Tuesday, August 18, 2020

Modern Moron Book Review, of the Late George Harrison

 


George Harrison journeyed to god through rock ‘n’ roll, LSD and mystic India. Topple your own greed, anger and illusions if you want to fix yourself, and don’t try and repair others. (Ancient Hindu text)

Each soul is potentially divine and our job is to manifest it. (Vivekanda) Empowered beings and mystical powers fascinated Harrison. The eastern spheres of religion and Hindu philosophy was an interictal part of the late George Harrison’s life. Do some people feel spiritual energy flow up through the roots to nourish plants and flowers to attain comic energy? Despite the massive success Harrison achieved in his short life, he was never fully satisfied.

By the time Harrison was 17-years-old he lived sex, drugs and rock ‘n’ roll. As one the guitarist, singers and song writers of the iconic Beatles, Harrison had amassed a fortune by the time he was 23-years-old. Before the Beatles came to America, Harrison tripled his father’s weekly salary as a bus driver, so he could retire, which his father indeed did.
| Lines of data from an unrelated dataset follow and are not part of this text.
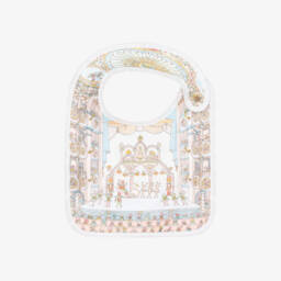 Pale pink and ivory striped bib for baby girls by 1 + in the family, made in a soft cotton and modal blend jersey. Fastening with poppers on the back, it is kind on delicate skin and ideal for catching food spills and dribbles.
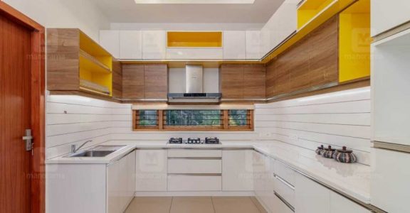 The kitchen cabinets are made in multi wood with laminate finish. The counter top, meanwhile, has been paved with nano white. An adjacent work area too has been arranged as part of the kitchen.
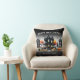 Add a spooky yet charming touch to your Halloween decor with this fun and festive throw pillow. Featuring a simple black and white design, the pillow showcases a haunted house with orange accents from pumpkins, jack-o'-lanterns, and a creepy tree. Playful ghost and bat illustrations complete the eerie look, while a mix of handwritten script calligraphy and a grunge sans serif font adds a stylish flair. Perfect for an annual Halloween party or cozy fall decor, this pillow is a fun and decorative addition to any space.
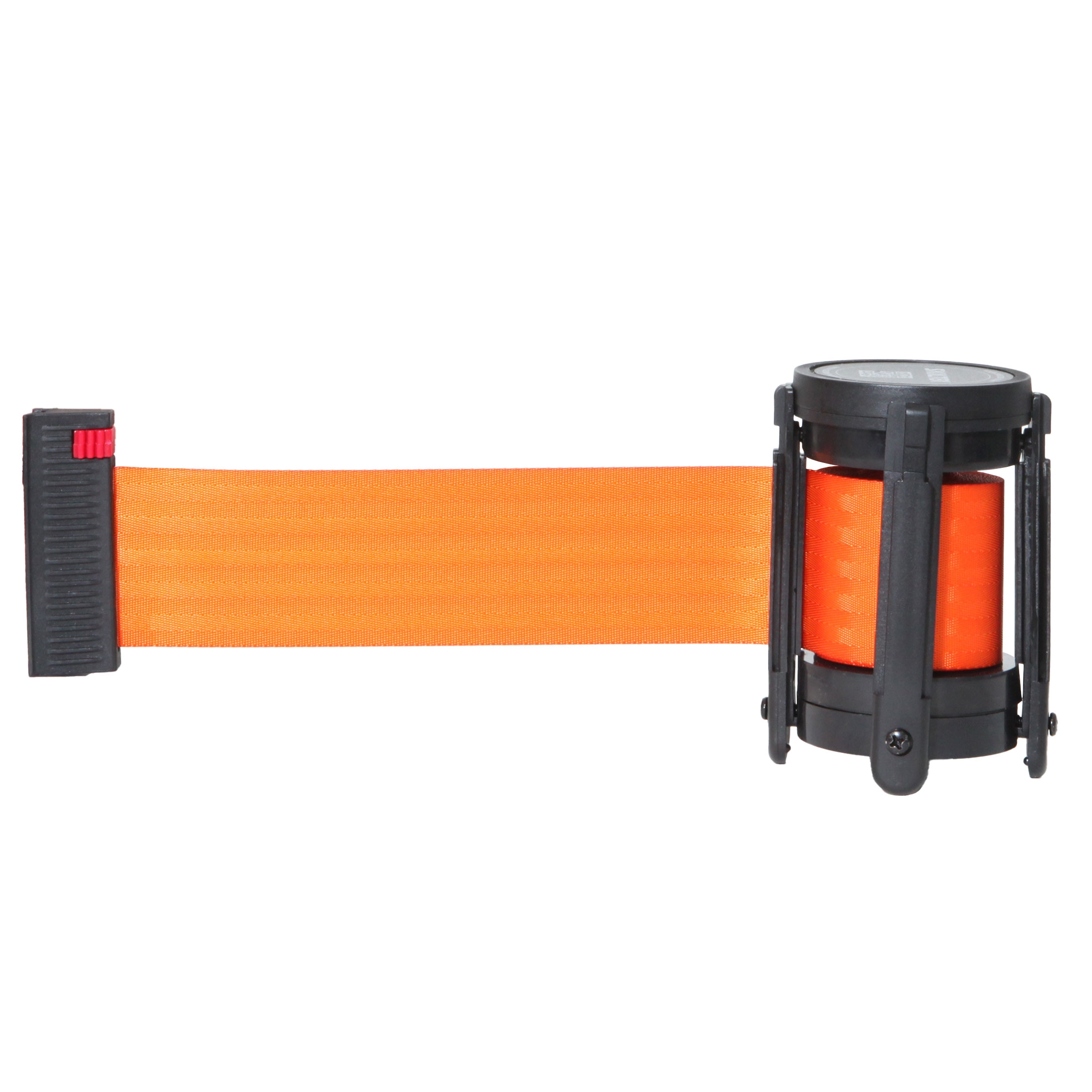 Monterbar kassett med 3 meter orange rullband till avspärrningsstolpar.
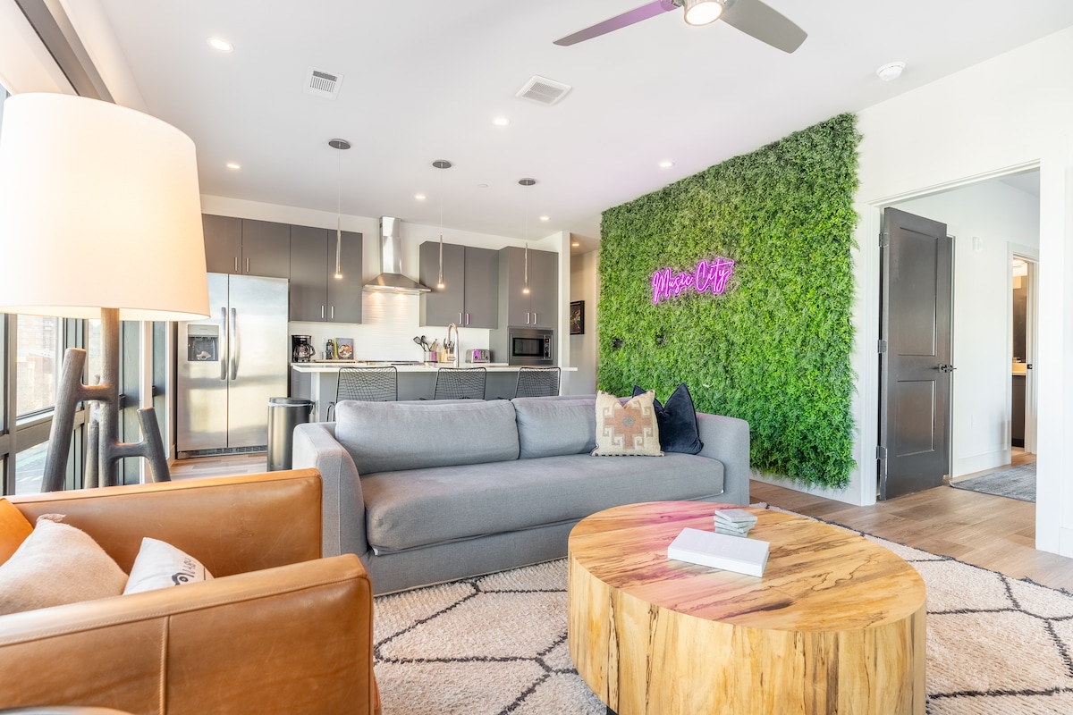 Designer luxury condo blending elevated country-core style with a refined Music City aesthetic. Thoughtfully designed in our signature Honky-Tonk style, this 2BR/2BA retreat is ideal for couples, families, friends, or business travel, offering standout interiors, a private balcony, and access to premium on-site amenities including a pool, gym, business center, free parking, and on-site dining.

When Harrison was in his 20s, he began his study of Hindu religion, which he kept until his death in 2001 when he was 58-years-old. While in his 20s, Harrison said he wanted to do as well as he could in what he attempts and to die with a peaceful mind.

“The Spiritual and Musical Journey of George Harrison Here Comes the Sun” by Joshua M. Greene should be read by any fan of George Harrison or the Beatles. Harrison was no saint, and certainly not a devote Hindu, but the vastness and wisdom of Hinduism played a major role in his life and music. Music is the highest form of education states Rig-Veda, text from ancient Hinduism.

Ravi Shankara, a close friend and mentor to Harrison said making God in sound or trying to is the goal in music. The highest aim of our music is to reveal the essence of the universe it reflects, Shankar said.  

The Friar Park estate located in England was built in 1896 for Sir Frankie Crisp. The 35-acre estate had an array of homilies carved throughout the property. Homilies are clever sayings that Crisp had posted throughout the property. On Friar Park which was restored in the 1970s and purchased by Harrison, these homilies were sayings about the devil, friendship and life. Crisp was a bit like the creator of “Alice’s Adventure in Wonderland,” Lewis Carroll said Joshua M. Greene, the writer of this book.  Harrison liked to garden in his newly acquired estate and enjoyed the more then 100-year-old Homilies laden throughout his property.  

In August 1997, Harrison was diagnosed with terminal cancer. The first two reactions, or most common ones for people receiving this frightening news about themselves is denial and anger. For George, it was chanting and planting. In this age, the only means of deliverance is chanting the holy name of god. There is no other way. (Brhannaradiya Purana 38.126) thousands of years before the Bible.

When George was diagnosed with cancer in 1997, doctors gave him six months to live, and George said bollocks! George died on November 30, 2001.

“He wasn’t attached to this world in the way most people would be. My dad had no fear of dying whatsoever. I can’t stress that enough really,” Dhani Harrison said.